Chang’e-5 samples reveal key age of moon rocks
A lunar probe launched by the Chinese space agency recently brought back the first fresh samples of rock and debris from the moon in more than 40 years. Now an international team of scientists — including an expert from Washington University in St. Louis — has determined the age of these moon rocks at close to 1.97 billion years old.
“It is the perfect sample to close a 2-billion-year gap,” said Brad Jolliff, the Scott Rudolph Professor of Earth and Planetary Sciences in Arts & Sciences and director of the university’s McDonnell Center for the Space Sciences. Jolliff is a U.S.-based co-author of an analysis of the new moon rocks led by the Chinese Academy of Geological Sciences, published Oct. 7 in the journal Science.
The age determination is among the first scientific results reported from the successful Chang’e-5 mission, which was designed to collect and return to Earth rocks from some of the youngest volcanic surfaces on the moon.
“Of course, ‘young’ is relative,” Jolliff said. “All of the volcanic rocks collected by Apollo were older than 3 billion years. And all of the young impact craters whose ages have been determined from the analysis of samples are younger than 1 billion years. So the Chang’e-5 samples fill a critical gap.”
The gap that Jolliff references is important not only for studying the moon, but also for studying other rocky planets in the solar system.
As a planetary body, the moon itself is about 4.5 billion years old, almost as old as the Earth. But unlike the Earth, the moon doesn’t have the erosive or mountain-building processes that tend to erase craters over the years. Scientists have taken advantage of the moon’s enduring craters to develop methods of estimating the ages of different regions on its surface, based in part on how pocked by craters the area appears to be.
This study shows that the moon rocks returned by Chang’e-5 are only about 2 billion years old.
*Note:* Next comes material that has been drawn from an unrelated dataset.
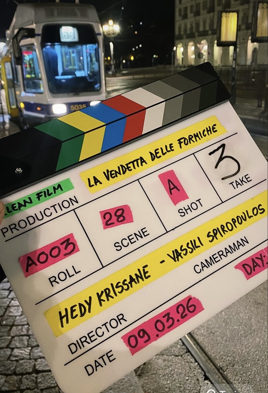 «Siamo felici ma un po’ stanchi, dopo le prime settimane di riprese: girare sempre di notte, iniziando alle 19 circa e concludendo anche dopo le 3, è bello perché Torino è meravigliosa ma anche un po’ sfiancante. Abbiamo le giuste energie per farcela, il clima sul set è fantastico e c’è una bellissima relazione tra noi e il cast artistico e tecnico più giovane», sottolinea Messerklinger, qui nel ruolo di una poliziotta (con Sorrentino era invece un’ergastolana) accanto a Costantino Comito. La storia del film parte da un’aggressione a sfondo razziale che scuote la vita di una tranquilla famiglia di immigrati: una piccola bugia mette in crisi la fragile convivenza tra la prima generazione, ancorata alle sue tradizioni e la seconda, in bilico tra le due identità. “La vendetta delle formiche” è sostenuto dalla Film Commission Torino Piemonte: «Per una produzione piccola come la nostra è un aiuto fondamentale, non solo economico ma anche pratico», aggiunge Krissane, anche produttore insieme a Saverio Pilò e la loro Clean Film (collaborano anche La Bottega dell’Immagine e Ciakalabria). «Dopo tanti anni è stata l’unica scelta, tanti produttori leggevano la sceneggiatura, mi facevano un sacco di complimenti ma poi qualcosa andava storto: forse ora è il momento giusto per una storia così». Linda Messerklinger sottolinea anche che «la decisione di accettare questo ruolo nasce dalla sincerità del regista, la purezza della sua intenzione, la sua esigenza di trattare questo tema e condividere le sue esperienze di vita».

Knowing the age of these rocks with certainty, scientists are now able to more accurately calibrate their important chronology tools, Jolliff said.
“Planetary scientists know that the more craters on a surface, the older it is; the fewer craters, the younger the surface. That’s a nice relative determination,” Jolliff said. “But to put absolute age dates on that, one has to have samples from those surfaces.”
“The Apollo samples gave us a number of surfaces that we were able to date and correlate with crater densities,” Jolliff explained. “This cratering chronology has been extended to other planets — for example, for Mercury and Mars — to say that surfaces with a certain density of craters have a certain age.”
“In this study, we got a very precise age right around 2 billion years, plus or minus 50 million years,” Jolliff said. “It’s a phenomenal result. In terms of planetary time, that’s a very precise determination. And that’s good enough to distinguish between the different formulations of the chronology.”
Other interesting findings from the study relate to the composition of basalts in the returned samples and what that means for the moon’s volcanic history, Jolliff noted.
The results presented in the Science paper are just the tip of the iceberg, so to speak. Jolliff and colleagues are now sifting through the regolith samples for keys to other significant lunar science issues, such as finding bits and pieces tossed into the Chang’e 5 collection site from distant, young impact craters such as Aristarchus, to possibly determining the ages of these small rocks and the nature of the materials at those other impact sites.
Jolliff has worked with the scientists at the Sensitive High Resolution Ion MicroProbe (SHRIMP) Center in Beijing that led this study, including study co-author Dunyi Liu, for over 15 years. This long-term relationship is possible through a special collaboration agreement that includes Washington University and its Department of Earth and Planetary Sciences, and Shandong University in Weihai, China, with support from Washington University’s McDonnell Center for the Space Sciences.
“The lab in Beijing where the new analyses were done is among the best in the world, and they did a phenomenal job in characterizing and analyzing the volcanic rock samples,” Jolliff said.
“The consortium includes members from China, Australia, the U.S., the U.K. and Sweden,” Jolliff continued. “This is science done in the ideal way: an international collaboration, with free sharing of data and knowledge — and all done in the most collegial way possible. This is diplomacy by science.”
Jolliff is a specialist in mineralogy and provided his expertise for this study of the Chang’e-5 samples. His personal research background is focused on the moon and Mars, the materials that make up their surfaces and what they tell about the planets’ history.
As a member of the Lunar Reconnaissance Orbiter Camera science team and leader of the Washington University team in support of NASA’s Apollo Next Generation Sample Analysis (ANGSA) program, Jolliff investigates the surface of the moon, relating what can be seen from orbit to what is known about the moon through the study of lunar meteorites and Apollo samples — and now, from Chang’e-5 samples.